Robot Target Tracking Using Cached Features to Reduce False Recognition
Find Innovative SolutionsGenerate Solutions
Solution Overview
Problem
Current robots with human face tracking functions suffer from high false recognition rates, leading to poor tracking performance.
Innovation Solution
A target tracking method that determines and stores a target object feature, matches recognized object features with the stored feature, and re-finds the target object by matching with cached features upon loss, reducing interference and false recognition.

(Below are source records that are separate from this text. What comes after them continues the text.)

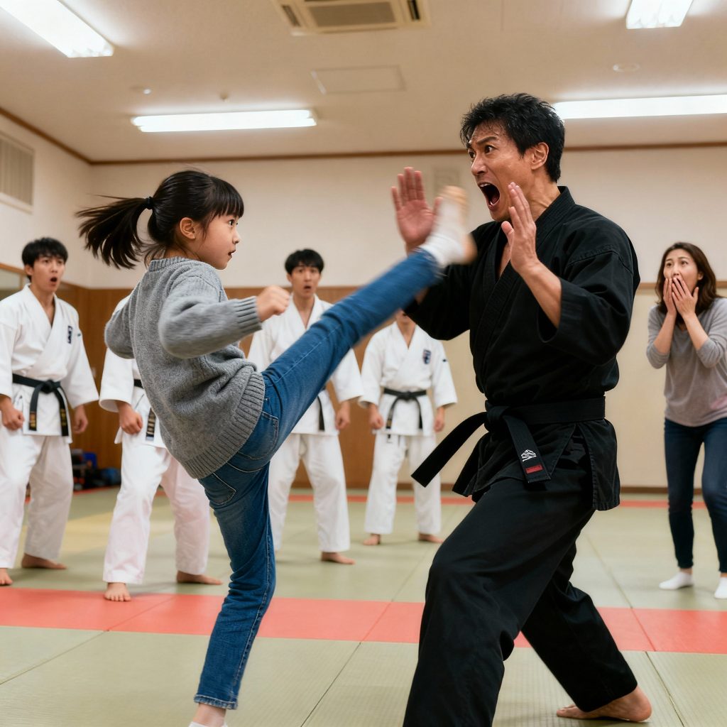 Un cinturón negro le pidió a la hija de la empleada de limpieza que peleara como una broma. Segundos después, su primer golpe congeló a todo el gimnasio.
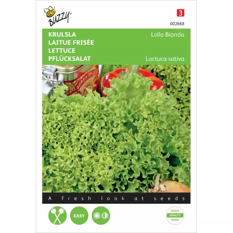 Krulsla - Lollo Bionda_x005F_x000D_ Februari-maart op een zaaibed onder glas zaaien. Of half maart-begin_x005F_x000D_ augustus in regels in de vollegrond zaaien. Door de open structuur en getande_x005F_x000D_ bladeren is dit ras minder aantrekkelijk voor slakken dan kropsla.
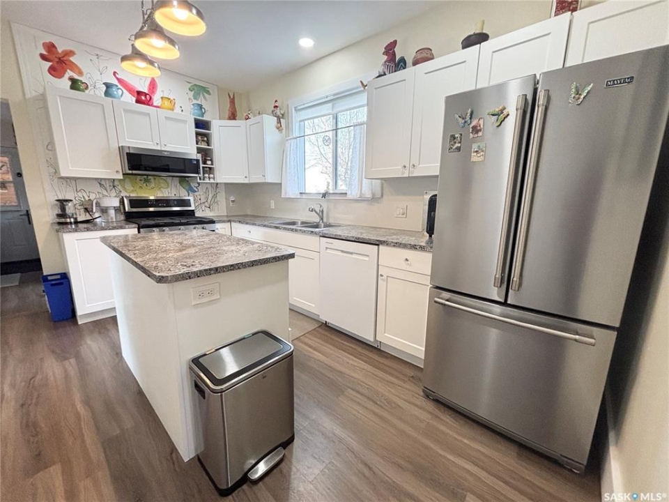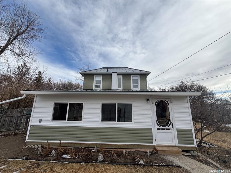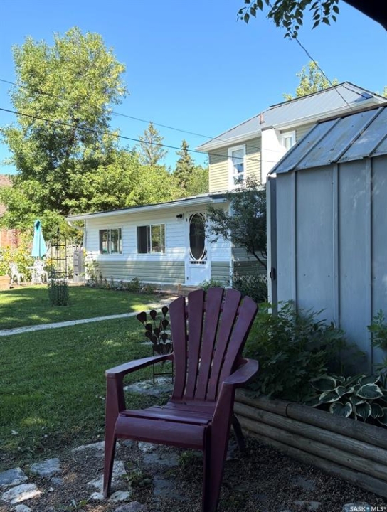 Welcome to this beautifully updated 2-storey character home in Maple Creek, SK, where timeless charm meets modern comfort. From the moment you arrive, you'll appreciate the care and upgrades throughout. The home features a brand-new kitchen designed for both function and style, complete with a cozy gas stove—perfect for home chefs and entertainers alike. Just off the main living space, a newly updated 3 season sunroom provides the perfect spot to enjoy your morning coffee or unwind with evening light pouring in. Upstairs, you'll find a spacious primary bedroom offering comfort and privacy, along with a charming reading nook—an ideal retreat for quiet moments. The home offers 2 bedrooms and 2 bathrooms, thoughtfully laid out for comfortable everyday living. On the main floor, a large, bright office creates the perfect work-from-home environment or creative craft space. Central air conditioning ensures year-round comfort, while the new metal roof provides long-term durability and peace of mind. Situated on an impressive 75-foot lot, the expansive yard is truly a gardener's dream. With a dedicated garden area and abundant outdoor space, there's plenty of room to grow, entertain, or simply enjoy the beauty of your surroundings. This Maple Creek gem combines character, updates, and outdoor space in one exceptional package. Don't miss your opportunity to own a move-in ready home with personality and room to breathe.
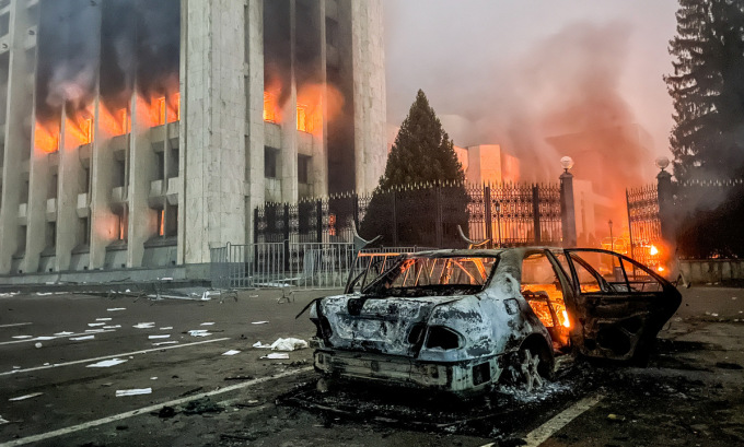 Các cuộc biểu tình phản đối giá khí hóa lỏng (LPG) tăng cao nổ ra ngày 2/1 và leo thang thành bạo động khi người biểu tình đốt xe cảnh sát, xông vào các tòa nhà chính phủ, phóng hỏa dinh tổng thống và chiếm sân bay ở thành phố Almaty. Lực lượng chức năng Kazakhstan sau đó giành lại được quyền kiểm soát sân bay Almaty.

Engineering Contradictions & Design Principles
Engineering Contradiction Analysis
1Reliability
If object feature recognition is performed continuously to improve tracking reliability, then false recognition rate increases, but tracking reliability deteriorates
Solution Approach 1:
The system performs preliminary action by caching the target object feature in advance before tracking begins. This cached feature serves as a reference template that enables rapid comparison and identification during tracking, eliminating the need for continuous complex recognition operations and reducing false recognition while maintaining reliability
Solution Approach 2:
The system creates a copy of the target object feature and stores it in cache memory. This copied feature template is then used for quick comparison against recognized objects during tracking, significantly reducing computational complexity and false recognition rates while maintaining high tracking reliability
2Measurement precision
If complex feature matching is performed to reduce false recognition, then processing time increases, but productivity decreases
Solution Approach 1:
The target object feature is extracted and cached in advance before tracking operations begin. This preliminary extraction creates a ready-to-use reference template that eliminates the need for repeated complex feature extraction during tracking, significantly improving processing speed while maintaining accurate matching through the pre-established template
Solution Approach 2:
The system extracts only the essential target object feature and stores it separately in cache memory, isolating this critical information from the main processing flow. This extraction enables rapid comparison operations during tracking without requiring complex real-time analysis, thus improving processing speed while maintaining low false recognition rates
Data Source
AI summary
The present application provides a target tracking method, a target tracking apparatus, and a robot. The target tracking method includes: determining a target object to be tracked, and storing a target object feature of the target object; in response to an object feature of a recognized object matching the target object feature that is pre-stored, tracking the recognized object; and in response to the object feature of the recognized object not matching the target object feature that is pre-stored, proceeding with object feature recognition of an object within a field of view; and in a case where the object feature matching the target object feature that is pre-stored is recognized again, tracking the object that is recognized once again.